Are pension problems really all the fault of Gordon Brown?

The Great Pensions Robbery: How the Politicians Betrayed Retirement
by Alex Brummer
Random House Business Books, £8.99

by Andrew Dodgshon
Wednesday, January 26th, 2011

This new paperback edition is as partisan as the original sub-title – How New Labour Betrayed Retirement – of the hardback last year. Alex Brummer of the Daily Mail is determined to make the case that every pension misfortune since 1997 was either the fault of, or made worse, by the Labour Government, and especially Gordon Brown. But he gets carried away by his own bile. The substantive material does not warrant 200 pages of, at times, tawdry verbiage and lunchtime gossip. With some good editing this could have been a succinct, polemical pamphlet.

Brummer leaves us in no doubt about his view of the Hotel Group of Gordon Brown, Geoffrey Robinson, Ed Balls and Charlie Whelan in one single, cynical act ending tax credits on dividend payments to pension funds. He thinks it destroyed the very fabric of centuries of carefully cultivated funds. As a pension fund trustee at the time, I don’t quite remember it like that. What I recall in the late 1990s was doing some very hard work to ameliorate the dreadful state our highly paid professional advisers had got us into. The way through the crisis was to spread the risks into the bond and property markets as well as tracking funds so we didn’t have to rely on dodgy equities.
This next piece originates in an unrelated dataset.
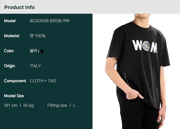 [명품] 8C00008 8392B 999 남성 월드 오브 로고 반팔 티셔츠
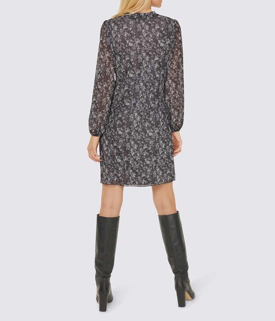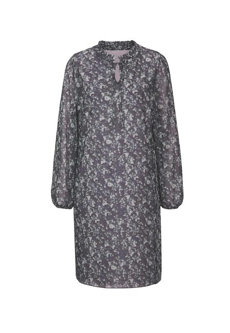 Obľúbený kúsok na každý deň. Očarujúce šaty v sieťovanej kvalite s potlačou. Mierny tvar A. Okrúhly výstrih s otvoreným V, volániky vo výstrihu a zaväzovacie ramienko. Na tele podšité. Priehľadné, široké dlhé rukávy s elastickými manžetami na konci. Dĺžka 96 cm. Sieťovina vyrobená z 97% polyesteru / 3% elastanu. Podšívka 95 % viskóza/5 % elastan.

In truth, pensions are incredibly complex, especially as we are living longer. A sustainable charge against New Labour is that they have become more complex since 1997. But the assertion that all the woes of pension funds and pensioners can be laid at the door of government is not. I am no apologist for New Labour but the years of contribution holidays by employers before 1997 – denuding pension funds of necessary investment income – was not the fault of the Labour Government. Nor was the greed of the private equiteers who demolished pension funds to finance debt-ridden takeovers. And it’s hard to blame Labour for the pension funds left high and dry when their companies went bust. In these cases, Labour did act to compensate to some degree those who lost out. It took some time and some pressure, but act it did.

Brummer also repeats the calumny about gold-plated public sector pensions and how these are ruining our public finances. I hope he has read John Hutton’s recent critique which demolishes this assertion so we may now get an even-handed and sensible debate. But, as with all the other parts of the pensions industry which have gone wrong, Brummer stretches the argument to make his case that Labour was to blame. There is no doubt that the pension lobby is strong and vocal and no doubt, too, that Labour faced challenges from it in government. But, ultimately, it was the greed of private sector capitalism which really created the problems. The sadness is that Brummer misses the bigger picture by seeking to make a narrow partisan point.